Back before we were on lockdown and quarantine was part of our daily vocabulary, the PitchAI team had a trip to Phoenix during the MLB’s Cactus League Spring Training. While there have definitely been tougher business trips to take (like, Boston in February), this one was packed with lots of meetings, and one main goal – to get as much video data on elite pitchers as we possibly could.

PitchAI lets us use any camera to get a 3D biomechanics assessment of pitchers – whether they’re throwing a simulated game, in a bullpen, or in this case, if they’re getting ready for the MLB season by pitching in spring training games. With any biomechanics assessment – the numbers you receive only make sense if they’re provided in context! Part of the goal of our trip, was start building a database so pitchers of all ages could see how they compare against the pros.
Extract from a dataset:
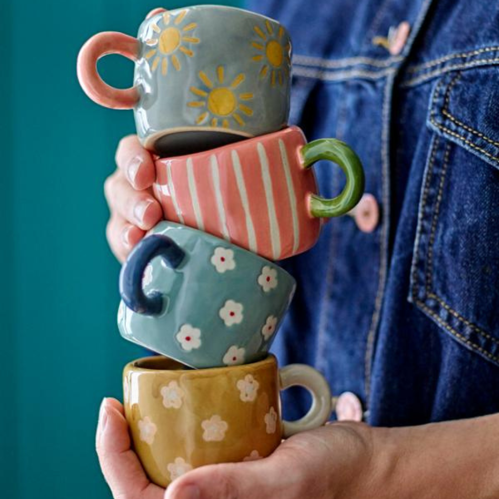 De Nini set zijn mokken van Bloomingville die direct een vrolijk tintje aan de tafel geven en zelfs een eenvoudige thee er 'feestelijker' uit laten zien. Elk stuk heeft een handgeschilderd ontwerp in verschillende kleuren, waardoor de mokken er licht, speels en heel 'huiselijk' uitzien - perfect voor familieontbijtjes of afternoon tea.
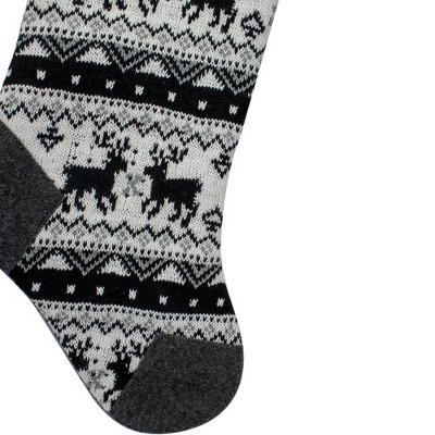 Capture that perfect feeling with this lodge-themed holiday stocking. This stocking is black and white Features a gray patch on the heel and toes, forest trees, triangles, and reindeer with different lined designs there are a high pile fleece cuff and fleece accents. With all of its patterns, this stocking is sure to complete your holiday lodge decor and bring compliments for many years to come from your guests.Product Features:Gray, white and black holiday stockingFeatures reindeer, trees, triangles, and striped designsThere are gray fleece accents on the heel and bottom of the stockingOne side design there is a red fleece backing Stocking has a white high pile fleece cuffEach comes ready-to-hang on a gray loopRecommended for indoor use only Dimensions: 21″ high x 8″ wide Material(s): polyester

So, how did things work out? The first stop was in Tempe, to check out the Angels as they took on the Royals. Personally, I am about as big of a fan of Shohei Ohtani as you will find, so it was awesome to see him in person (even if he wasn’t ready to pitch yet). Part of this was refining what some of the challenges for in game video would be – and one thing I learned is that when you’re filming in Arizona – you better hope you can find some shade! We captured some great data of Cam Bedrosian, Jesse Hahn, but maybe the most impressive was Mike Mayers. He had some great stuff and the velocity was definitely there for early in the game.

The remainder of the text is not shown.